Why each option matters

Answer the question above first, then reveal the full breakdown to understand why each option is right or wrong.

Correct answer & explanation

Use a machine type with a GPU, such as n1-standard-4 with a NVIDIA Tesla T4 accelerator, and optimize the model with TensorRT.

Option A is correct because the bottleneck is CPU-bound inference (90% CPU utilization) with memory well within limits (12 GB of 15 GB). Adding a GPU (NVIDIA Tesla T4) and optimizing with TensorRT reduces per-request latency via hardware acceleration and graph optimizations, enabling sub-200ms inference at 100 QPS. This directly addresses the latency requirement without changing the machine family or scaling strategy.

Key principle: Answer the scenario, not the keyword: identify the specific constraint before choosing the most familiar-sounding option.

Answer analysis

Option-by-option breakdown

For each option: why learners choose it and why it is or isn't the right answer here.

  • Use a machine type with a GPU, such as n1-standard-4 with a NVIDIA Tesla T4 accelerator, and optimize the model with TensorRT.

    Why this is correct

    GPU accelerates BERT inference and TensorRT further optimizes latency.

    Related concept

    Read the scenario before looking for a memorised answer.

  • Switch to n1-highmem-4 machines to provide more memory for the model.

    Why it's wrong here

    More memory does not reduce CPU-bound inference time.

  • Deploy the model using TensorFlow Serving with CPU-only nodes and increase the number of replicas.

    Why it's wrong here

    Adding replicas helps throughput but per-request latency remains high.
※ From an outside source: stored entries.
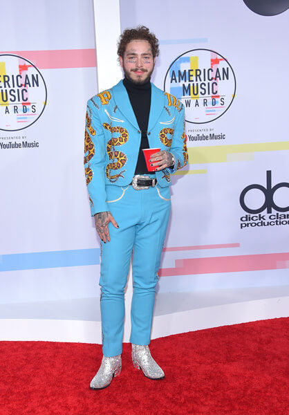 Post always seems like he's having a great time. He's just living life and I couldn't be happier with that. For the 2018 American Music Awards he brought his drink along for the red carpet. His baby blue suit with snake design and jewels is amazing on it's own. But add those boots? And the bedazzled belt? He will always be one of my favorites.
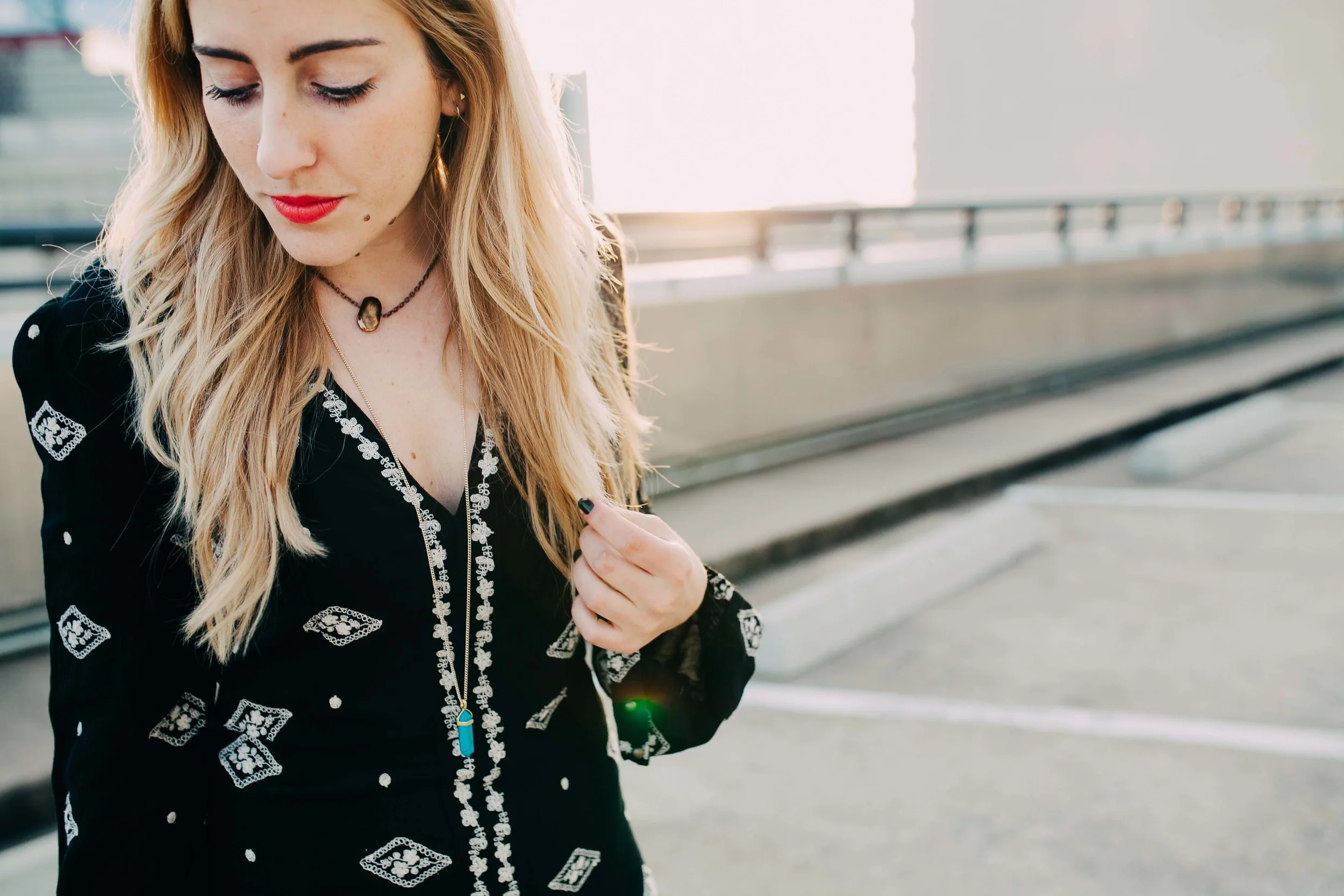 I fell in love with this Lily of the Valley dress the moment I saw it. Perfect for transitioning into spring with a pair of leather sandals or booties for a more urban-moto feel. I paired this dress with a cool long turquoise gem necklace by Elizabeth Volk Design and a bronze choker I picked up from a local street vendor.
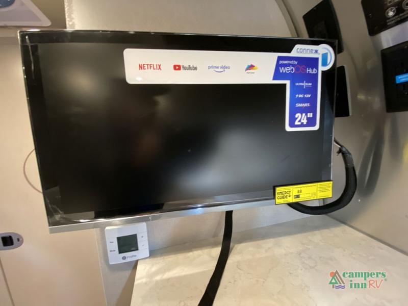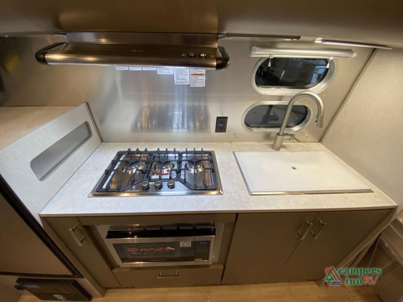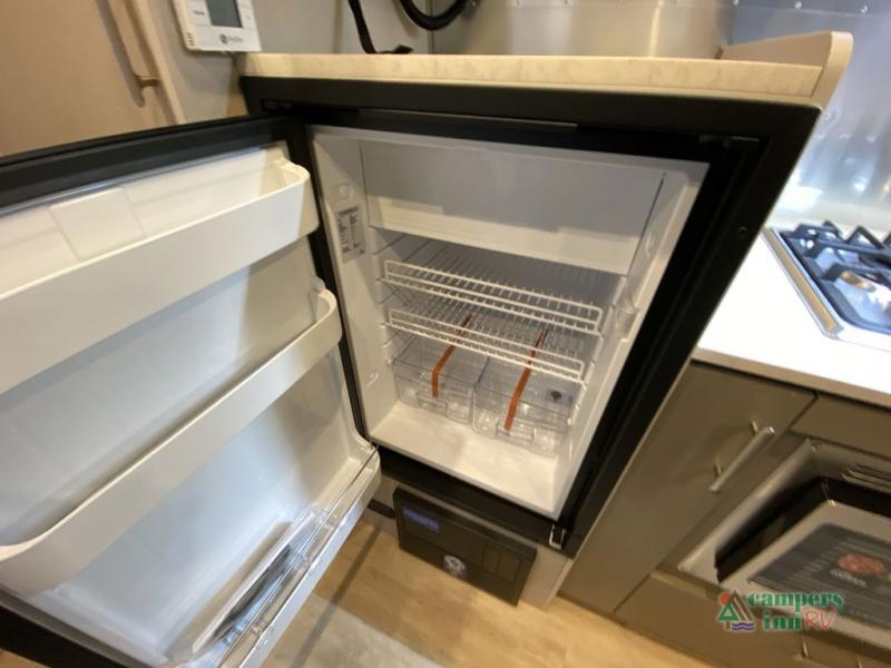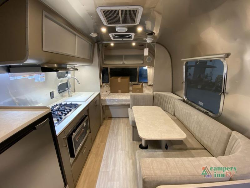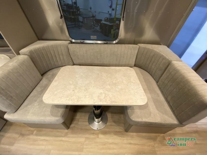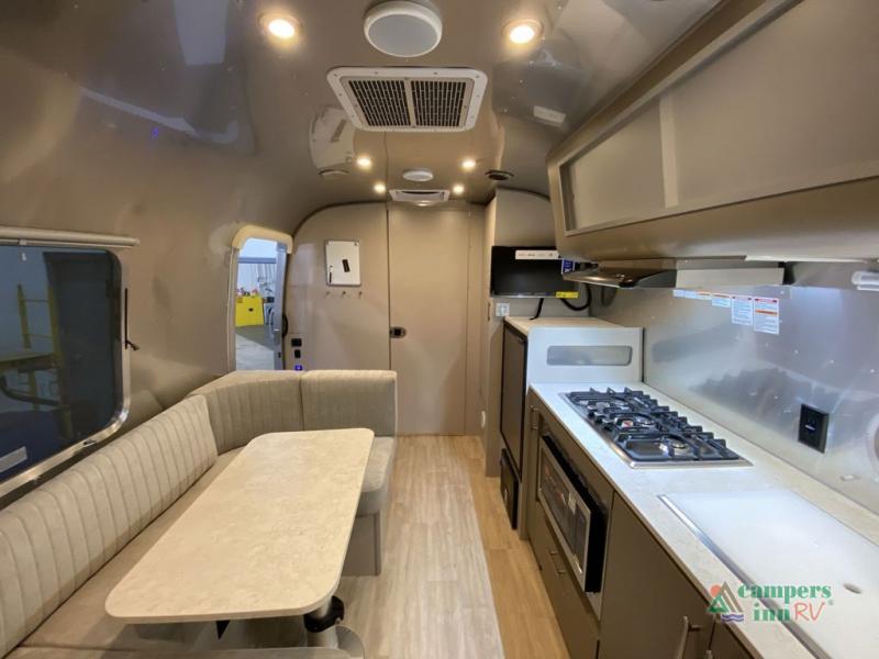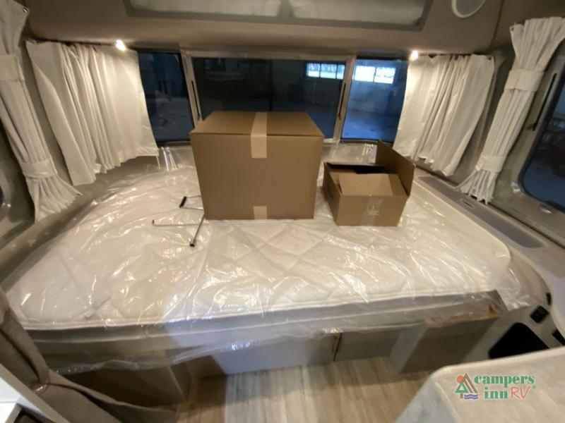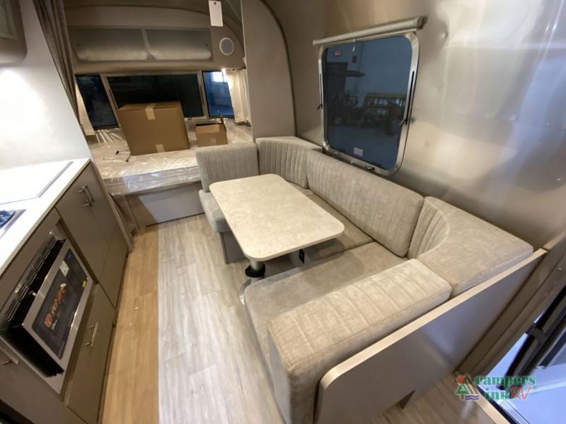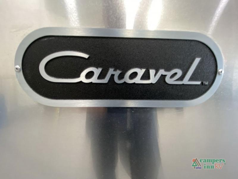 You'll always have a stylish and comfortable place to stay with the Airstream Caravel travel trailer! The manual Zip Dee patio awning can be paired with matching optional window awnings that can help keep the interior cool and private. The rear polished bumper with storage will help you keep your tools, cords, and more hidden away in a bonus storage space, and the JL Audio stereo with Bluetooth connectivity and four speakers, surround sound, and subwoofer will play your music throughout the trailer. You can stay powered while off the grid If you add the optional solar package, depending on the model you choose, and the blackout curtains will let you have privacy when you head to bed. The stainless steel front stone guard protection will prevent damage to the body of your trailer while towing, and the panoramic windows will make the interior fresh and bright with natural sunlight.
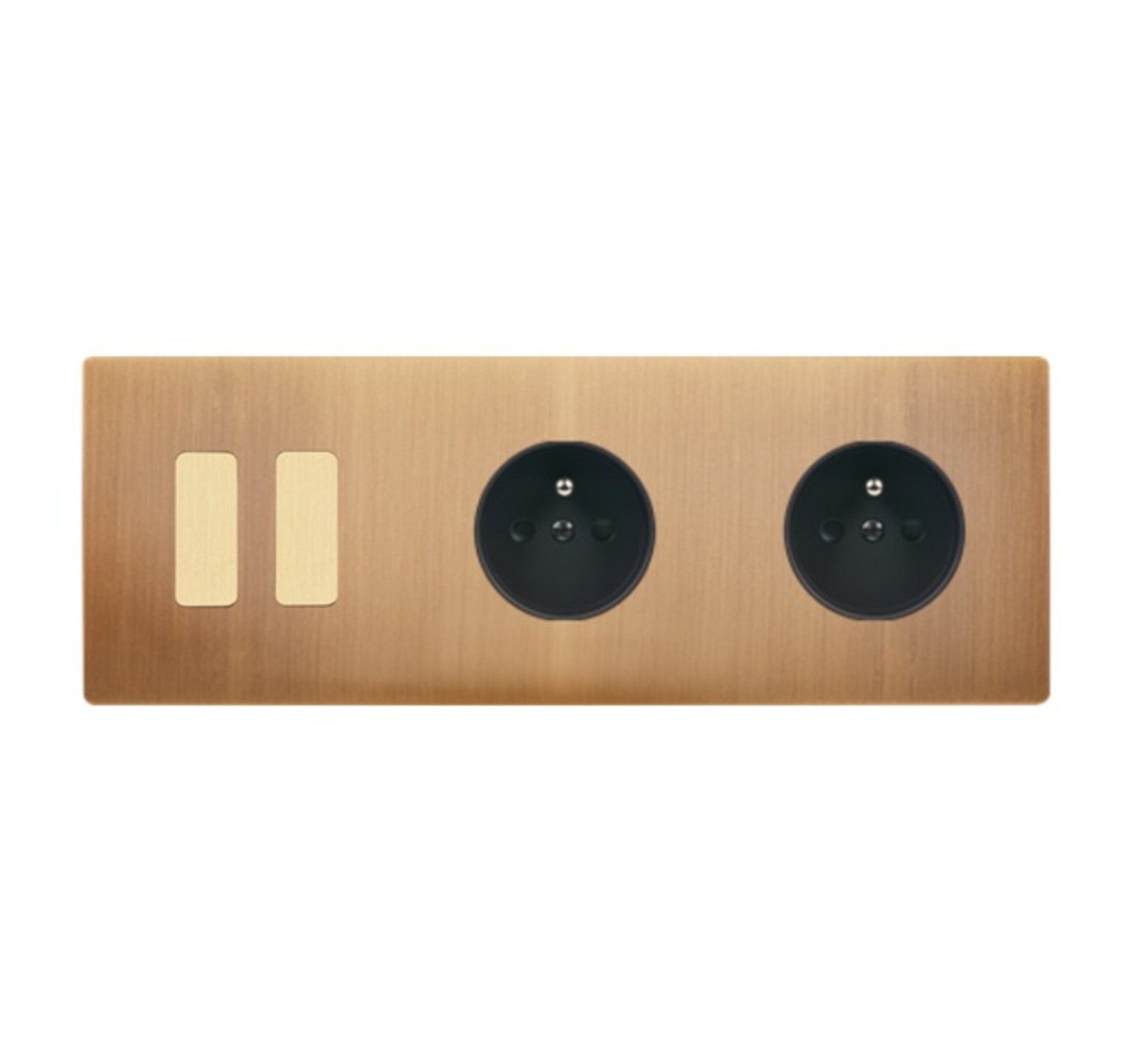 Switch and Socket, M, Triple horizontal, Old bronze, Va-et-vient or pushbutton x2, Socket-2P+T x2, Brushed brass, W22,2cm, H8cm - Modelec
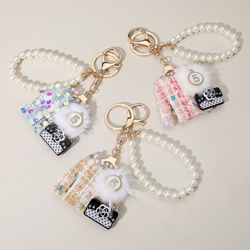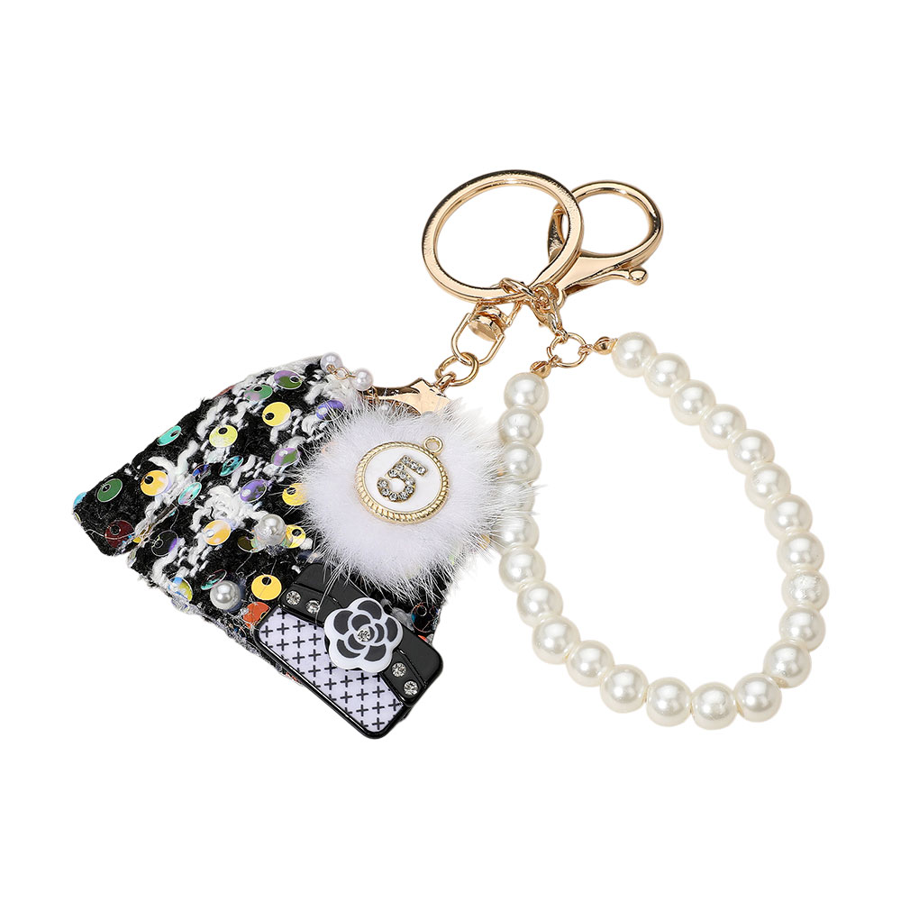 Sequin Beaded Pom Brooch Flower Handbag Tweed Jacket Pearl Chain Keychain Bag Charm

  • Move the model to Cloud Run with automatic scaling to handle the QPS.

    Why it's wrong here

    Cloud Run does not support GPU and has a 60s timeout, but latency still high.

Common exam traps

Common exam trap: answer the scenario, not the keyword

Google Cloud often tests the misconception that scaling horizontally (more replicas or Cloud Run) solves latency problems, when the real issue is per-request compute bottleneck that requires hardware acceleration or model optimization.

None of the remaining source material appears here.